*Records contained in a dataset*
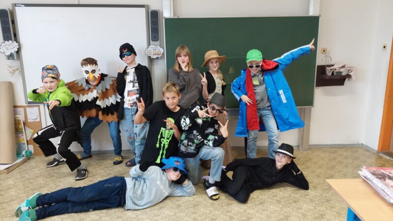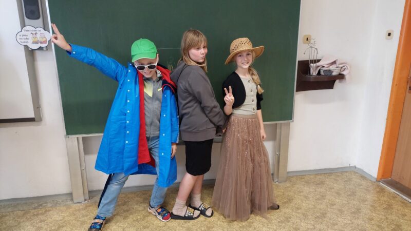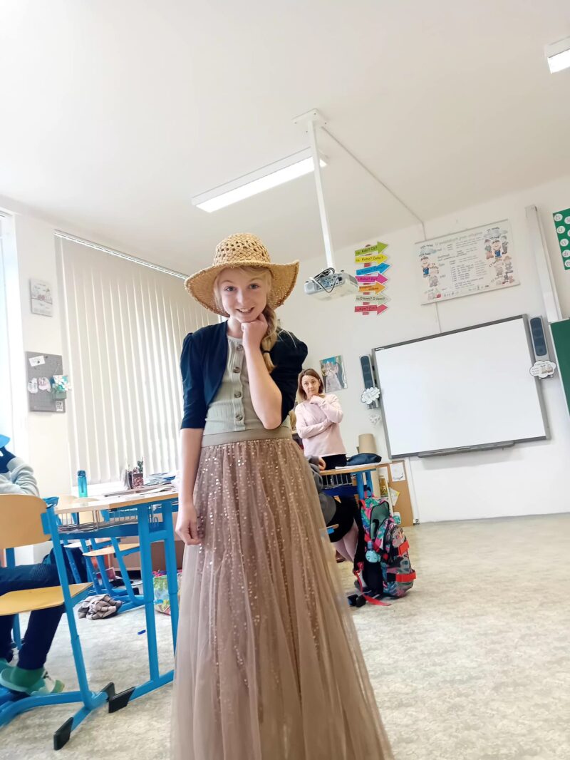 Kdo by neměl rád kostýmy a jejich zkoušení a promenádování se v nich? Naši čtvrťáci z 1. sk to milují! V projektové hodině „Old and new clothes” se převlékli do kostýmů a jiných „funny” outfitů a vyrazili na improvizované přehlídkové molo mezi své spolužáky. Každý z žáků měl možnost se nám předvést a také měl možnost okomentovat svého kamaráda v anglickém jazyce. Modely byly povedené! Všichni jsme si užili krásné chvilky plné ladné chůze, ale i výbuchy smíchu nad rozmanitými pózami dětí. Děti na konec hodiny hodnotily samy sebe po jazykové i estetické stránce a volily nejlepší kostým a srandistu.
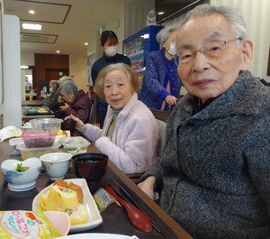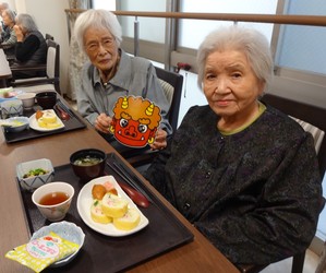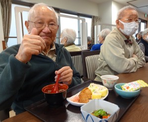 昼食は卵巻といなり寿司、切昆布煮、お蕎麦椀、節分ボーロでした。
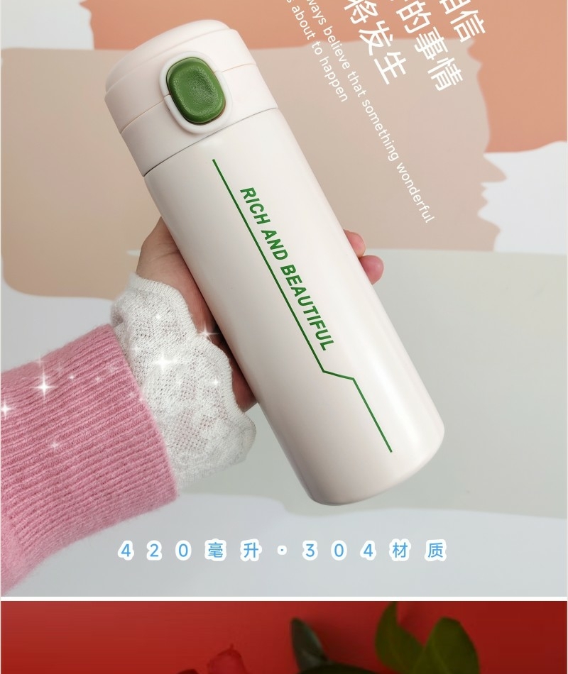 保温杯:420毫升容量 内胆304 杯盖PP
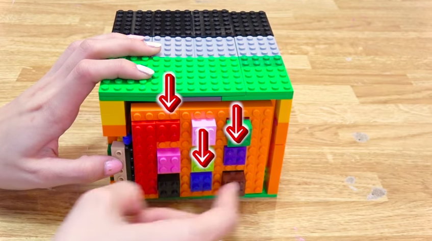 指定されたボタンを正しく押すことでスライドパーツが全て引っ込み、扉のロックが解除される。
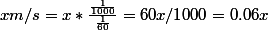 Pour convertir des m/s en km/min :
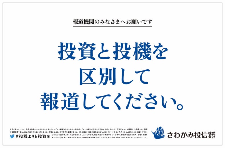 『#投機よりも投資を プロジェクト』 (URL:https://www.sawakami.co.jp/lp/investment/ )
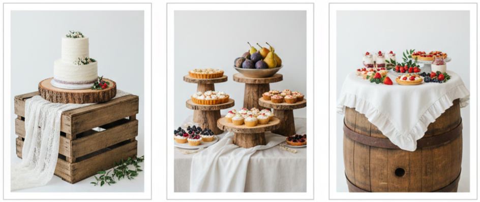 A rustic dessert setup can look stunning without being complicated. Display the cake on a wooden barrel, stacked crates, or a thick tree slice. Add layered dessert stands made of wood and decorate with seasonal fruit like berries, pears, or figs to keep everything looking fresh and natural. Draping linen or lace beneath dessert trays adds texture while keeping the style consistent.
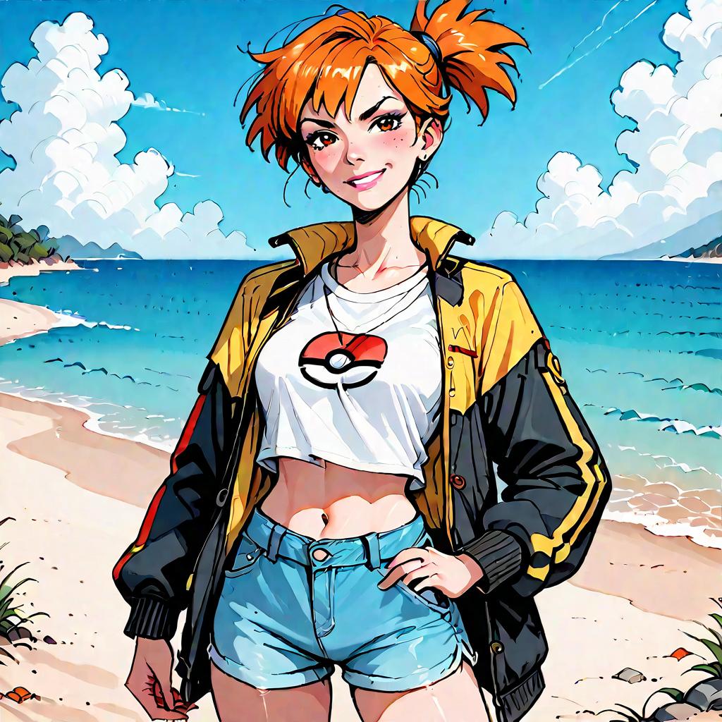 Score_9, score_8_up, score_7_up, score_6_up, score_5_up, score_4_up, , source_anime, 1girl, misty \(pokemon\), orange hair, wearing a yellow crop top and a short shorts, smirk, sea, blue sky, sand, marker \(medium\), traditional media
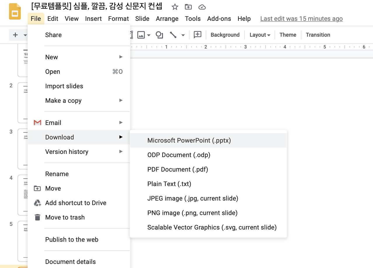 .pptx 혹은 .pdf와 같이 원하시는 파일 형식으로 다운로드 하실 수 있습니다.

*What you are asked to do*
Your answer must be an exact copy of the lines above, from the line that contains "A rustic dessert" through the final line, with no pictures in it.

*Solution*
 A rustic dessert setup can look stunning without being complicated. Display the cake on a wooden barrel, stacked crates, or a thick tree slice. Add layered dessert stands made of wood and decorate with seasonal fruit like berries, pears, or figs to keep everything looking fresh and natural. Draping linen or lace beneath dessert trays adds texture while keeping the style consistent.
 Score_9, score_8_up, score_7_up, score_6_up, score_5_up, score_4_up, , source_anime, 1girl, misty \(pokemon\), orange hair, wearing a yellow crop top and a short shorts, smirk, sea, blue sky, sand, marker \(medium\), traditional media
 .pptx 혹은 .pdf와 같이 원하시는 파일 형식으로 다운로드 하실 수 있습니다.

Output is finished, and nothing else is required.